Jacquelyn Blain

Paragraphs

High School“. I could have never thought that those two words could have so much meaning behind it. A tsunami forms in my head, flooding every inch of my mind in nothing but memories. The feelings that were felt, crashing down on me again as the words, “high school” are said. The time that I realized what reality really was, that the true meaning of happiness doesn’t come from another but only within oneself. So innocent and so fragile, I didn’t see that in the flood, I was standing on my own. The faces of those I called “friends” turned into faces I no longer recognized. Those that I loved… faded into nothing but a memory, “high school”. Four. Four is the number of faces that haven’t washed away. Those who supported me even when the craziest thought would come to mind, but, even with four I still feel alone. The flood has blinded me for so long that I’ve forgotten what it’s like to be happy yet alone. To not feel the need to be distracted from what reality has unfolded to really be. Though, I always wasn’t like this. There was a time where happiness was all that crossed my mind, where the word “high school” only brought joy to my mind.

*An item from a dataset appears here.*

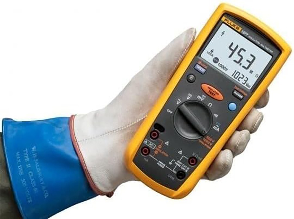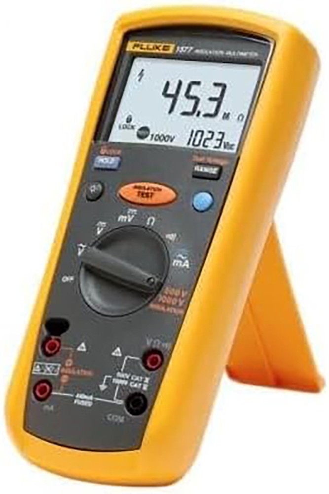 Manual and auto ranging digital insulation multi meter measures insulation resistance, current, voltage, and resistance for testing line insulation on motors, generators, cables, and switch gear True RMS meter provides accurate readings when measuring linear or nonlinear loads where the current or voltage has an undistorted or distorted waveform Insulation test voltages of 550V and 1000V and insulation measurement range of 0.1 to 600 megaohms Live circuit detection prevents insulation test when voltages over 30V are detected Safety ratings include Ingress Protection certified IP40; European Conformity (CE) marking; UL 61010 1; ANSI/ISA S82.01 2004; CAN/CSA C22.2 No. 1010.1:2004; IEC safety standards 61010 1:1002 and 61010.1 04, IEC61557 1; IEC61557 2; and IEC/EN 61010 1, 2nd edition for Category III installations up to 1000V and Category IV installations up to 600V, and Pollution Degree 2
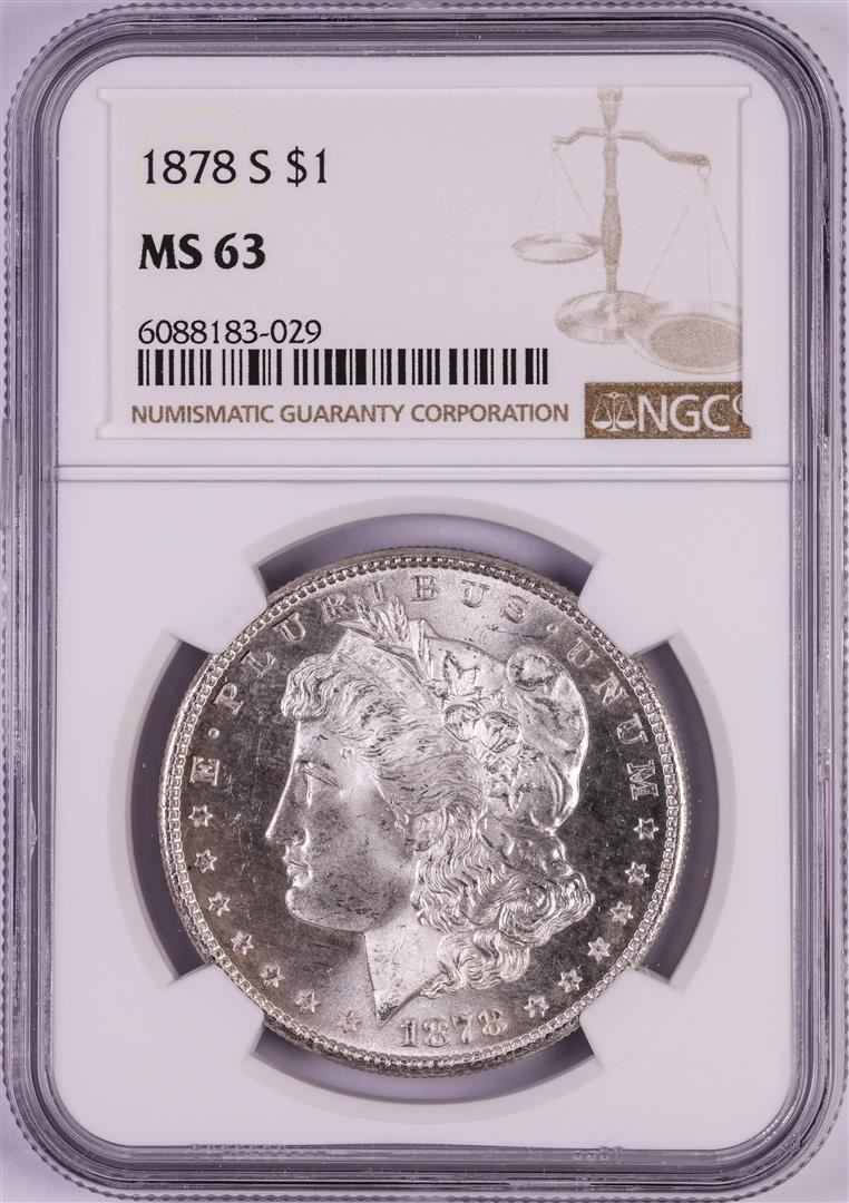 One 1878-S $1 Morgan Silver Dollar Coin NGC MS63. NGC Certified.

Freshman year. I remember this day like it was yesterday, I wore my favorite navy blue cropped shirt, with my favorite dark washed skinny jeans and paired it with some all black Jordan’s with some hints of pink that my mom had just bought me. It was hot and the sky’s were clear. “High School“. So long awaited and I was finally here, I’m in “high school“. I could feel butterfly’s in my stomach as those words were said. I was so excited for the new chapter of my life to begin. I felt more and more butterfly’s as I say goodbye to my mom and walk in to “high school” for the very first time. All day, I’ve met new faces and saw some old faces along the way. I laughed and played the whole day, meeting more and more faces as I went along my day. It was soon home time, and my mom was waiting for me by the school stairs. All the way home, I went on and on about my day. Telling the names of my teachers and new friends I had just made. “I’m finally in high school” I would say as I settled down and got ready, for tomorrow’s a new day in “high school“.

1 Comment

  1. Jacquelyn Blain

    I love the creativity in how you set this up and wrote it. Very powerful moments and feelings — you really captured what that felt like. Nice work!